The Hyper Anna team. Source: Supplied

Sydney-based fintech startup Hyper Anna has closed a $16 million Series A funding round led by venture capital giant Sequoia China, with the funding earmarked to fuel the startup’s international expansion.

Billed as “Siri for analytics”, Hyper Anna combines artificial intelligence with fintech in its “virtual data scientist” offering ‘Anna’, which answers questions about business performance and analyses data.

The startup, which was founded in February 2016, already counts Westpac and general insurer IAG as two of its early customers, and says it will continue to focus its sales efforts in the financial services sector.

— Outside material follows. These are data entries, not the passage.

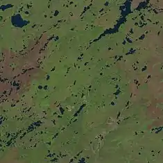 ![]() In the northern part the rim is visible as a series of low hills, in the southern part it is indicated by the course of Douglas River. Carswell Lake (in the upper right) cuts into the crater. | |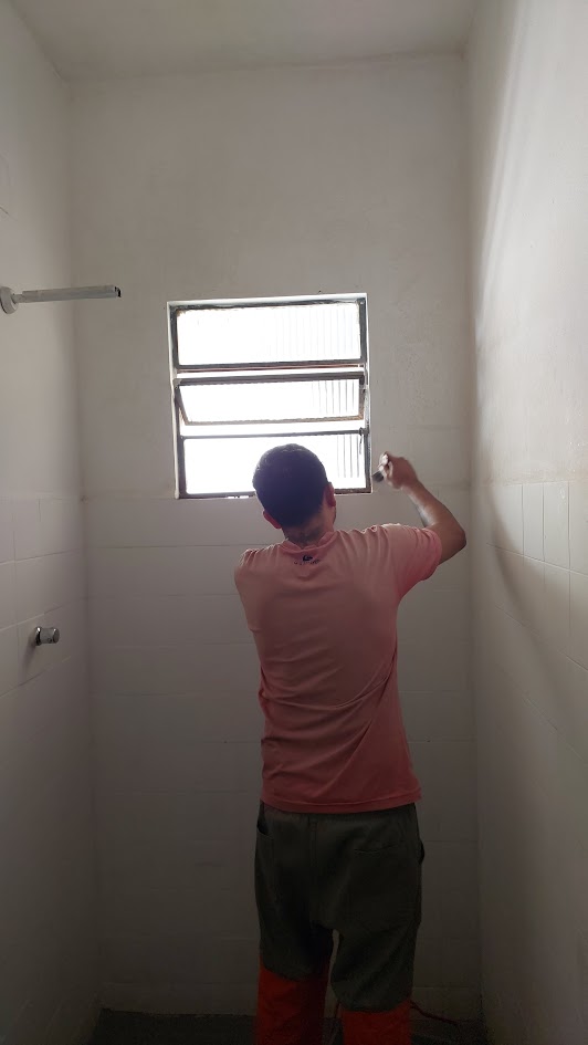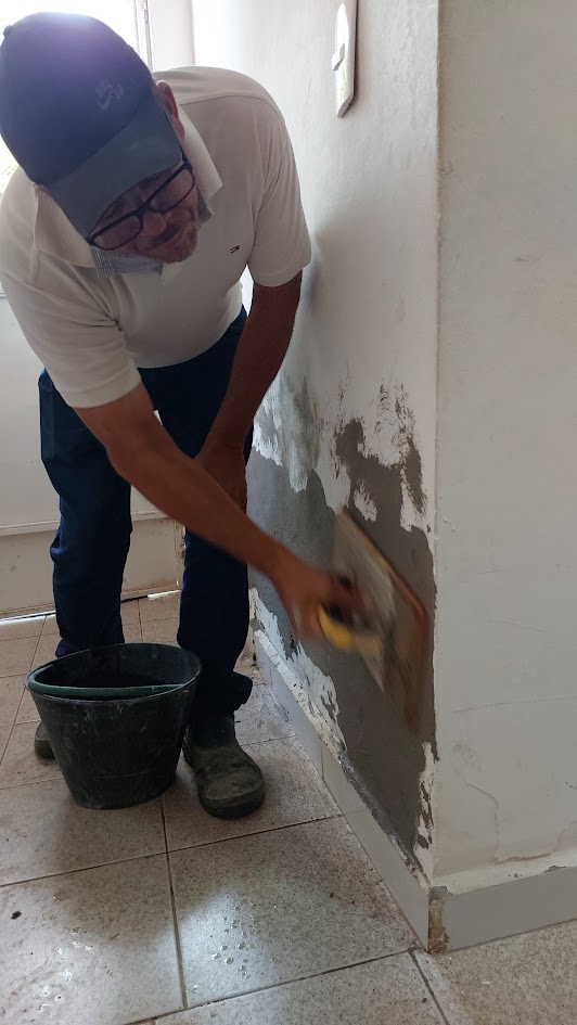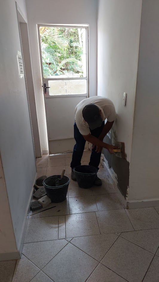 Outro servidor municipal atuando na área interna e já colocando o novo reboco onde era necessária a realização desse reparo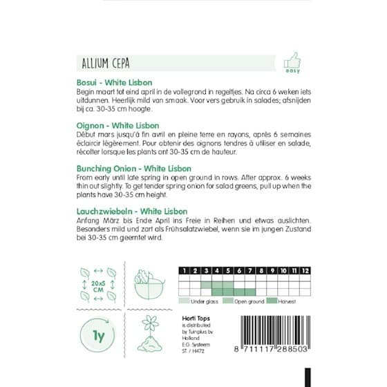 Enjoy the deliciously mild and fresh taste of White Lisbon spring onions. These onions are perfect for salads, Asian dishes, and as toppings for soups. Known for their slightly spicier flavor compared to regular onions, they are hardy to -6°C and can regrow from the base after cutting.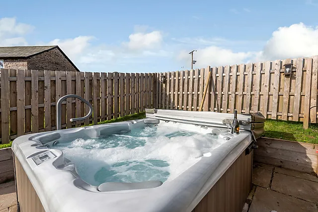 Yes, the accommodation features a private hot tub, which offers stunning views of the surrounding countryside. It's the perfect spot to relax and unwind after a day of exploring or to enjoy a romantic evening under the stars.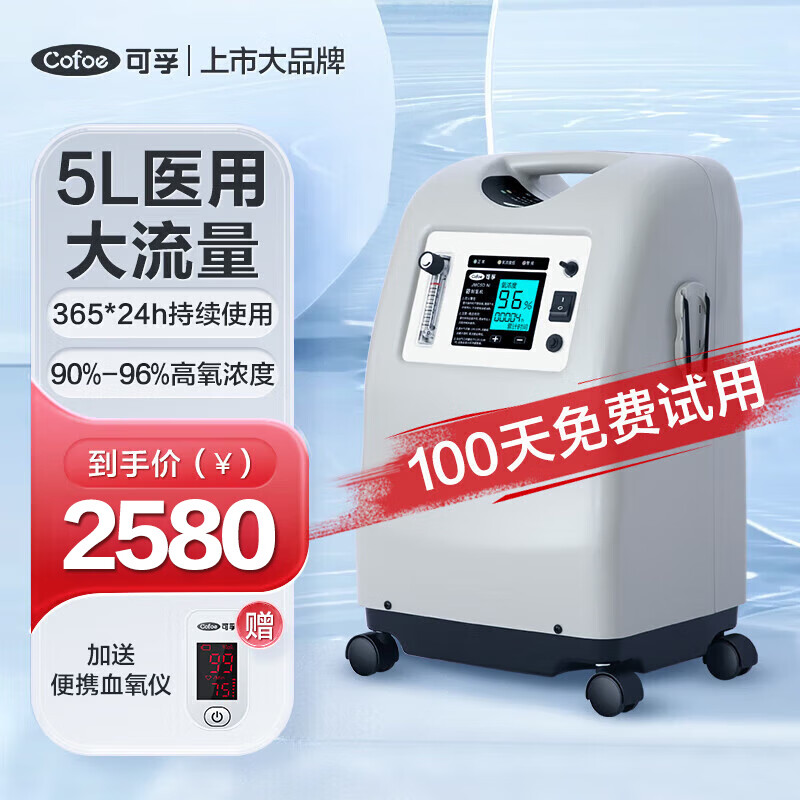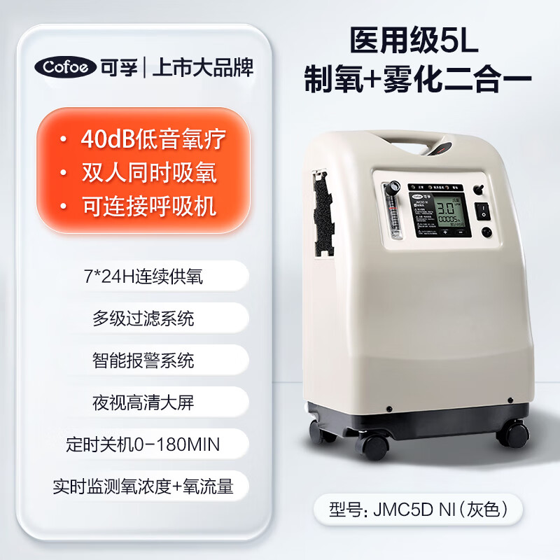 可孚 制氧机家用吸氧机5升医用氧气便携式高原雾化一体机 JMC5D Ni(灰色)价格:4580.00元!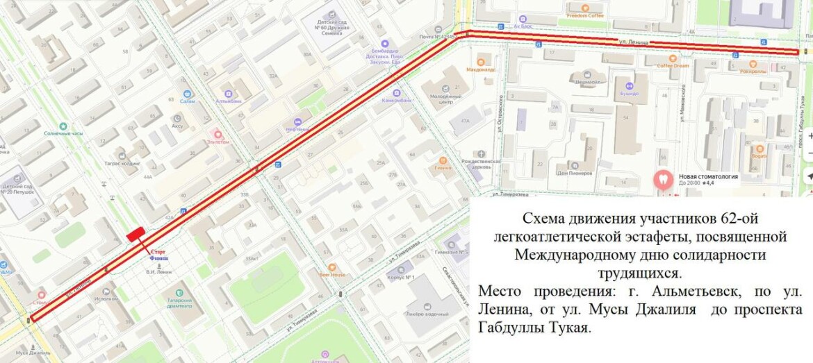 1 мая на улицах Альметьевска пройдет 62-я легкоатлетическая эстафета, посвященная Международному дню солидарности трудящихся. В связи с этим будет ограничено движение по улице Ленина от ул. Мусы Джалиля до проспекта Тукая. Об этом сообщает администрация района в своем Telegram-канале.

Hyper Anna co-founder and chief executive Natalie Nguyen says analysing data is key to driving growth and unlocking value for businesses.

“A business’ data is their own and ‘Anna’ empowers business to drive the value out of that that they deserve,” Nguyen tells StartupSmart.

Nguyen leveraged her past experience working as a data scientist to create a solution for companies that are “struggling to get data scientists” and obtain the business insights they need. For Nguyen, filling this niche was crucial for the startup’s success in raising this funding round.

“My advice [for startups looking to raise] would be to focus on building a great product that adds value to their customers,” Nguyen says.

“This might sound cliche but it’s actually what has worked for us.”

While Nguyen says external funding is often “important for a startup to grow”, this funding should be contained “over a short-ish period of time if possible” to focus on the main goal of building a valuable, customer-centric product.

Hyper Anna’s latest funding round adds to the $1.25 million round the startup closed last year, and also saw contribution from Airtree Ventures, Westpac Reinventure and IAG Firemark Ventures.

Nguyen says this funding will be used to expand Hyper Anna’s operations to international markets, including Hong Kong, where an office is set open in September, as well as Singapore, China and the US in the future,

Australian’s eager to adopt fintech

Australian consumers continue to embrace new financial technologies, with the nation ranking fifth in the world for consumer fintech adoption, and Nguyen believes this is indicative of a trend in both corporations and consumers adopting the offerings of disruptors in the sector.

“[It’s] not just in Australia, we have seen this abroad also,” Nguyen says.

“Larger organisations have really woken up to the value of working with smaller organisations whose sole focus is solving a particular type of problem, often niche problems.”

Rather than crypto-currencies, cloud-based payments and cardless transactions, the future of fintech, according to Nguyen, is going to be data-driven and focused on solving real-world problems that businesses are facing today.

“I would say data technology will still be the keyword of fintech innovation,” she says, predicting that “we may see more data enablement companies using technologies to solve real business problems”.